Re: io:lines() and \0

On Feb 21, 2014, at 10:00 , Sean Conner wrote:

It was thus said that the Great René Rebe once stated:

On Feb 20, 2014, at 23:03 , Sean Conner wrote:

It was thus said that the Great René Rebe once stated:

The next time you parse a text file which accidental has a \0 somewhere
you probably want this bug fix, too ;-) Especially after you spend hours
to figure out what is going on, …

You would have had the same trouble with C if you used fgets().

I have no trouble using fgets, but then if I would not use Lua I would actually use C++, ...

And could you tell me what tool created a text file with embedded NULs in
it? I want to avoid using said tool ...

As mentioned I hit this while implementing a CGI upload, so parsing MIME data.

Well, MIME is also used in email, which by definition, is *not* 8-bit
clean, which is why MIME was created in the first place, to stuff binary
data into a 7-bit ASCII data stream and NUL bytes are most assuredly not
allowed. That's why I asked.

I too, wrote code to parse CGI data and even used it for a personal
project to upload pictures on my iPhone via a webpage. I never had an issue
with reading a NUL byte with that, so I decided to check the implementation
to see how I avoided problems with NUL bytes, because I certainly don't
remember there being any issues in the first place.

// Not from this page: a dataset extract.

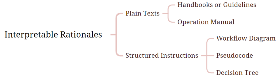要解决这些类型的查询,常见的方法是从数据集离线识别并提取规则和指南,然后检索相关项目。对于生成推理理由,一些工作如STaR 和 LXS 使用大型语言模型(LLM)来生成理由。前者采用迭代的少样例示例方法,从小数据集生成到大数据集;后者引入了两角色解释提取过程,其中学习者模型生成解释,评论者模型对其进行评估验证。
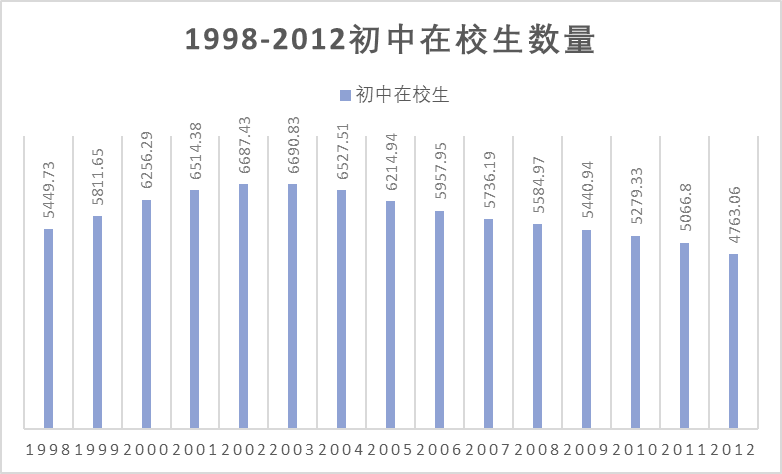 虽然中国出生人口在1987年之后逐年减少,但由于九年义务教育的普及,初中在校生数量的增长一直延续到2003年,并且2012年之前,一直在5000万以上。

Well, I apparently sidestepped the issue entirely:

local function multipart(separator,data)
local boundary = lpeg.P("--" .. separator)
local hdrs     = core.parse_headers(mime._HEADERS,contentdisp._HEADERS)
local body     = lpeg.C((lpeg.P(1) - boundary)^0)
local section = boundary
                * core.CRLF
                * lpeg.Ct(lpeg.Cg(hdrs,"headers") * lpeg.Cg(body,"body"))
local sections = lpeg.Ct(section^1) * boundary * lpeg.P"--" * core.CRLF

local tmp = sections:match(data)
...
end

by using LPeg.

But, LPeg aside, there are other ways of reading in the data. One: if
Content-Length: exists, convert the value to an integer, and pass that to
f:read(), which will read that many bytes of data (using the C function
fread()). If the Content-Length: header doesn't exist, and the
Content-Transfer-Encoding: header indicates 8bit, then yes, you have an
issue, and one that can be solved without patching Lua, by writing a C
module to Do The Right Thing. Because even *if* the Lua team accept your
proposal, at best, it'll be placed on the Lua bugs page and won't become a
part of Lua until the next official release X years from now (that might be
fine if you are not planning on releasing your code and have a locally

And because it may take some time to get into an official release we now stop

fixing bugs and improvements?

Because some core function does not behave as expected we should all

suffer and apply complex and hard to read and follow workarounds like your

LPeg example?

patched Lua; anyone else that wants to use your code will need to have a
patched Lua). And don't forget about LuaJIT (different team). It probably
suffers from the same issue.

What changes LuaJIT picks from vanilla Lua is a separate issue, AFAIR so far

not even all 5.2 features made it into it. Since when does Roberto only make

changes to Lua when Mike approves them as well?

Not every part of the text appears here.